They stumbled on a bit and avoided some more wire, making a long detour to do it. Ian noticed that, whereas his mother and the two girls kept up better than he thought they could, the Father showed signs of exhaustion, though he did his bravest to hide it.
"The priest," whispered Ostap. "We shall be carrying him soon. Another reason for going to the road."
Ian said nothing, knowing he was right. In fact, he soon doubted if any of them could keep up this kind of exercise very long. The ground was intersected with trenches, and full of pitfalls in the way of tree-stumps. They had all been working since daybreak, even the Father, who was fit only for bed. Ostap was a worse walker than Ian himself, bruised and shaken by the shell which buried him near the church and led to their worst troubles. Ostap said he had no sleep for two nights, being afraid to doze on Sietch's back for fear of getting entrapped. Father Constantine almost fought to keep his knapsack; but they managed to get that from him.

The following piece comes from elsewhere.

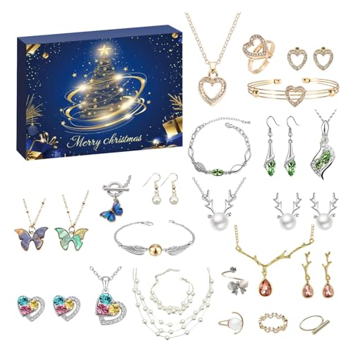 Smycken adventskalender 2024, jul nedräkningskalender 24 dagar | Trendigt smyckesset för vuxna kvinnor och tonårstjejer, 2024 nedräkningskalender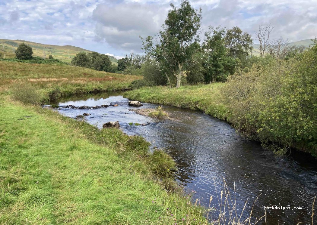 Langs een rustige weg. Er stonden nog kampeerders toen ik er was in augustus. Je kan baden in de rivier en op zonnige dagen komen er ook locals zwemmen. En ik maakte een verrassend mooie wandeling vanaf deze plek; door de koeienweides en een bos waar we een hertje konden spotten, en langs het Hill House.

"Even if we do three versts an hour, it will take ten hours to Sohaczev," remarked Ostap, when they had struggled thus for some time without much progress. "... Walking all the time. That's an impossibility. What hour is it now?"
Ian took out his watch. It had stopped. The glass was smashed, too. Ostap studied the summer sky with some attention.
"It is one o'clock," he said after a moment. "In two hours or so it will be the dawn. We can perhaps cover six versts by then, by the road. Then we must rest for an hour, or we shall be dead."
"This will be hard on the Father," Ian whispered.
"Yes. And listen. By three we may cover six versts on the road. That leaves twenty-four. We start again at four, a good hour to walk, for it is fresh. We go on till six. That leaves us twenty-two versts, for we shall be going slower than three an hour, say two ... where was I?
"Twenty-two versts from Sohaczev."
"We rest an hour, walk three versts more. That makes eight o'clock ... we are yet nineteen versts from our goal."